Masson Jean-Loup, Green Peter F
Texas Materials Institute and Department of Chemical Engineering, The University of Texas at Austin, Austin, Texas 78712, USA.
Phys Rev E Stat Nonlin Soft Matter Phys. 2002 Mar;65(3 Pt 1):031806. doi: 10.1103/PhysRevE.65.031806. Epub 2002 Mar 7.

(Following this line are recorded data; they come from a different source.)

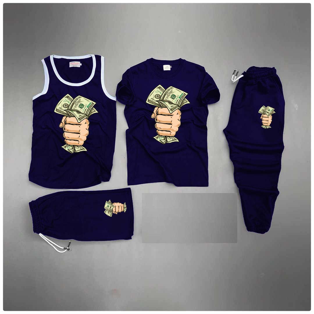 Blue Dollar Capture Printed Bundle Of 4 Dry-Fit Complete Summer Deal.
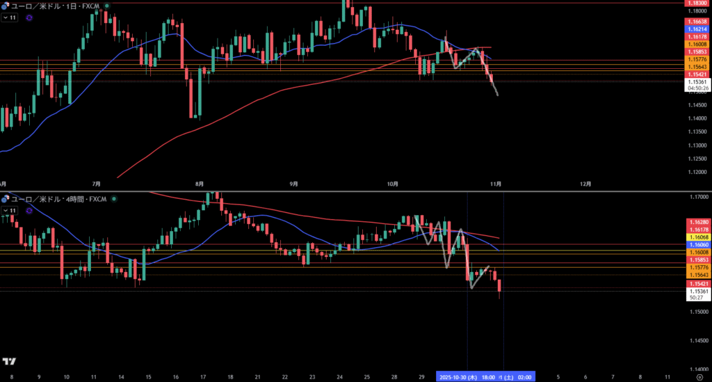 米国時間に4時間足戻り売りを狙っていくが、戻りを付ける過程でTTSの卵が出る可能性も視野に入れておく。
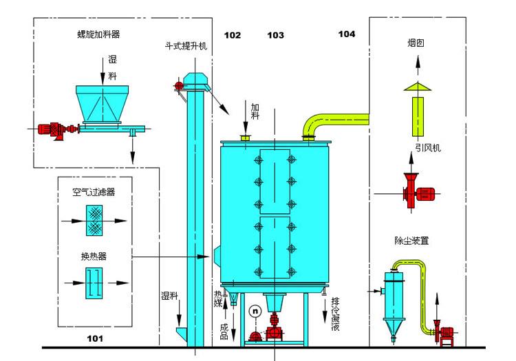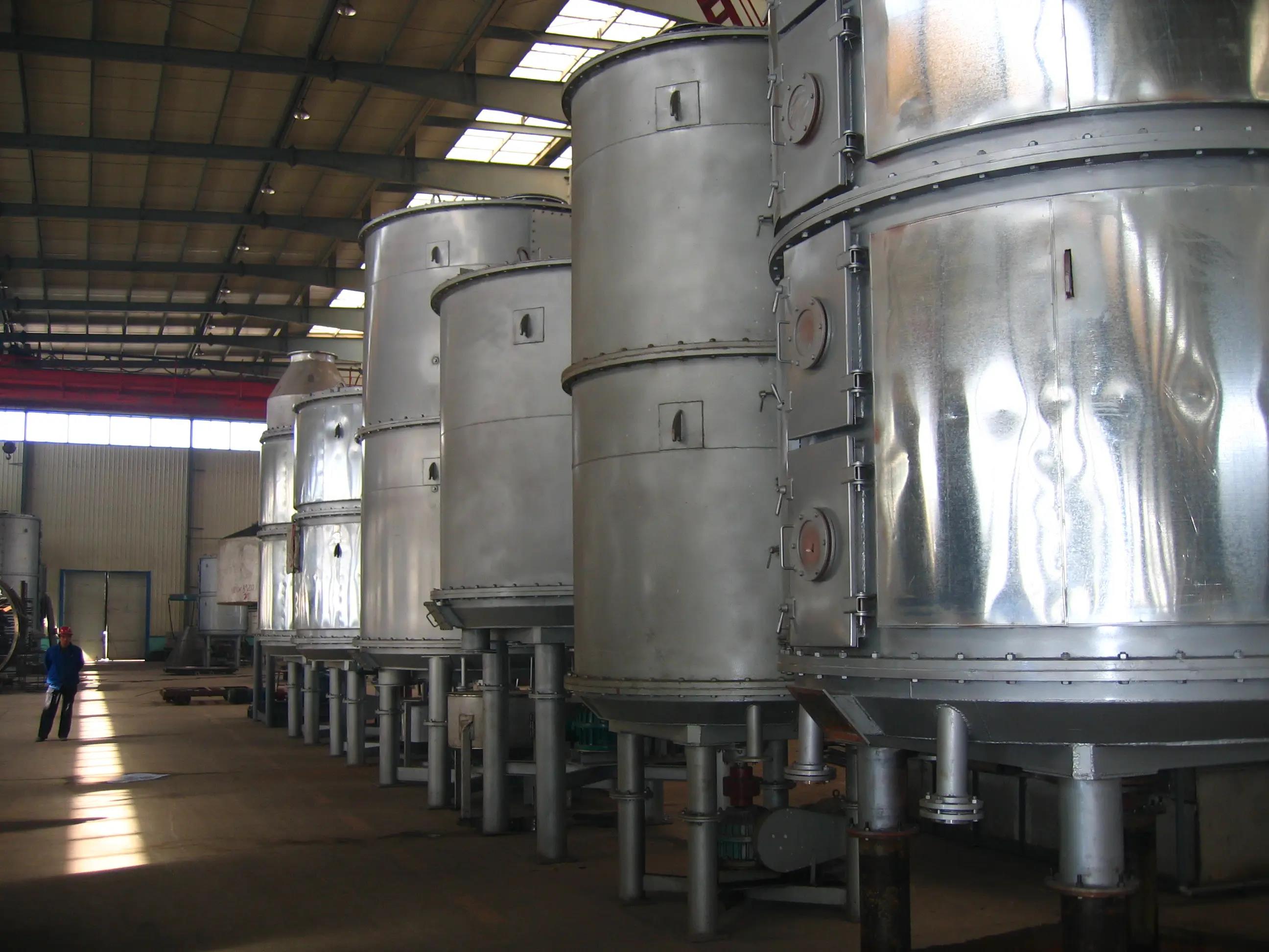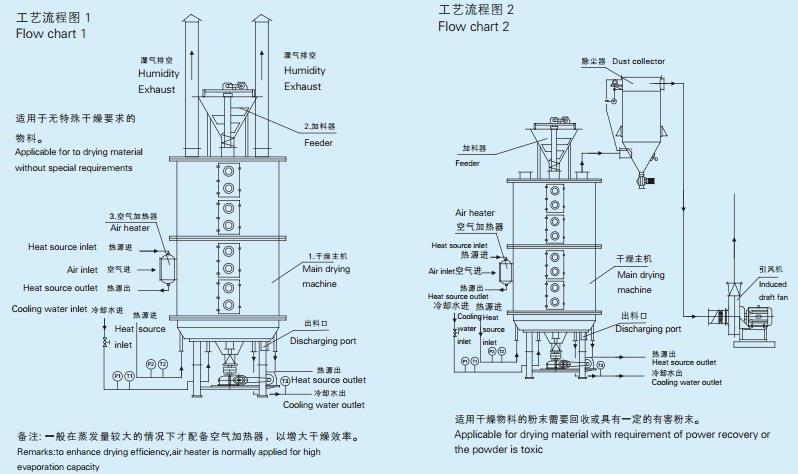 8、干燥層數(shù):共8層,上部6層為蒸汽加熱干燥,剩余2層為降溫,且降溫層和蒸汽干燥層可以相互切換。物料經(jīng)過2層冷卻后,出料溫度≤40℃

We determined the low-shear effective viscosity of entangled polystyrene thin film melts, in the thickness range of 27<h<100 nm, on SiO(x)/Si substrates. This was accomplished using a method based on the notion that thin liquid films can become unstable and rupture due to defects or to destabilizing, long-range van der Waals interactions (dewetting). The holes that are created in the film subsequently grow at a rate determined by a balance between the capillary driving forces and the viscous resistive forces. Based on the velocity of growth of holes on the substrate, we show that the viscosity decreases appreciably with decreasing thickness for 25<h<50 nm. These results are consistent with studies which suggest that the glass transition of entangled polystyrene thin film melts on SiO(x)/Si substrates exhibit an apparent decrease with decreasing film thickness over the same range of h.

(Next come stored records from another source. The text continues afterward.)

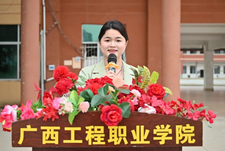 圖為團(tuán)委副書記李麗清宣讀倡議書
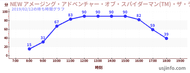 • NEW アメージング・アドベンチャー・オブ・スパイダーマン(TM)・ザ・ライド 4K3D$B$N(B2019年02月12日の待ち時間
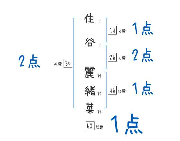 天運![]() | 住谷麗緒菜さんの天運は14画の1つ星!人に対して優しいがストレスを溜め込みがち。人間関係のトラブルを避けるよう気をつけましょう。 家系が持つ宿命的な運勢を表します。祖先から受け継いだ苗字ですので自分の力が及びません。家柄を象徴します。 |
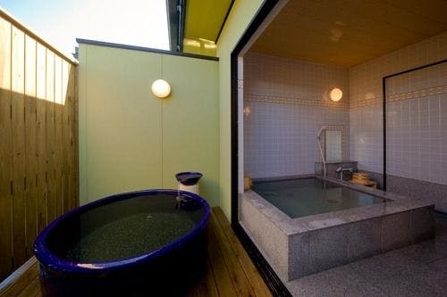 温泉の内風呂(石造り)、露天風呂(陶器風呂)を一部屋毎に2つご用意しております。
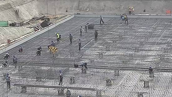 截至2025年5月7日,鄠邑校区地下人防工程南段施工进展平稳,该区域筏板底筋直螺纹套筒连接及绑扎作业已完成85%,较5月6日50%的进度实现大幅跃升;面筋直螺纹套筒连接同步推进,当前完成率达40%。施工团队通过优化人员配置与工序衔接,在保障南段核心作业面高效推进的同时,同步完善防水层接缝处理方案。
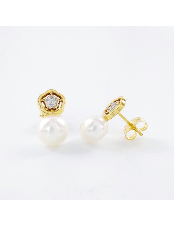 Pendientes Oro Perla Circonitas 05511799P. Pendientes de oro amarillo de 18k con forma de flor adornada con circonitas y una perla. Tiene cierre de presión.
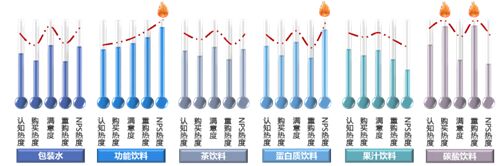 通过“行业热度模型”的五个热度指标(认知热度、购买热度、满意度、重购热度、NPS净推荐热度)的走势,可以对该行业的发展现状和未来走向做出宏观的判断:功能饮料的热度模型呈持续升温状态,认知热度还有提升空间;果汁饮料的热度模型则呈持续降温状态。包装水、茶饮料和蛋白质饮料的走势图均呈W状,这两个子行业发展进入成熟期;蛋白质饮料的NPS热度明显上扬,可视其处于成长期,优良的口碑可以拉升下一轮的认知热度的升温。值得一提的是碳酸饮料,购买热度和重购热度均超过其他类型的饮料,但满意度和NPS热度却瞬间回落,表明消费者一边说着碳酸饮料的种种缺点一边津津有味地举杯畅饮。
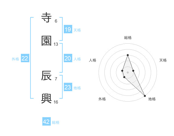 寺園 辰興さんの総格は42画の3点!

我们测定了在SiO(x)/Si衬底上厚度范围为27<h<100nm的缠结聚苯乙烯薄膜熔体的低剪切有效粘度。这是通过一种基于以下概念的方法实现的:由于缺陷或不稳定的长程范德华相互作用(去湿),薄液膜可能变得不稳定并破裂。薄膜中形成的孔洞随后以由毛细驱动力和粘性阻力之间的平衡所决定的速率生长。基于衬底上孔洞的生长速度,我们表明,对于25<h<50nm,粘度随着厚度的减小而显著降低。这些结果与一些研究一致,这些研究表明,在相同的h范围内,SiO(x)/Si衬底上缠结聚苯乙烯薄膜熔体的玻璃化转变随着薄膜厚度的减小而明显降低。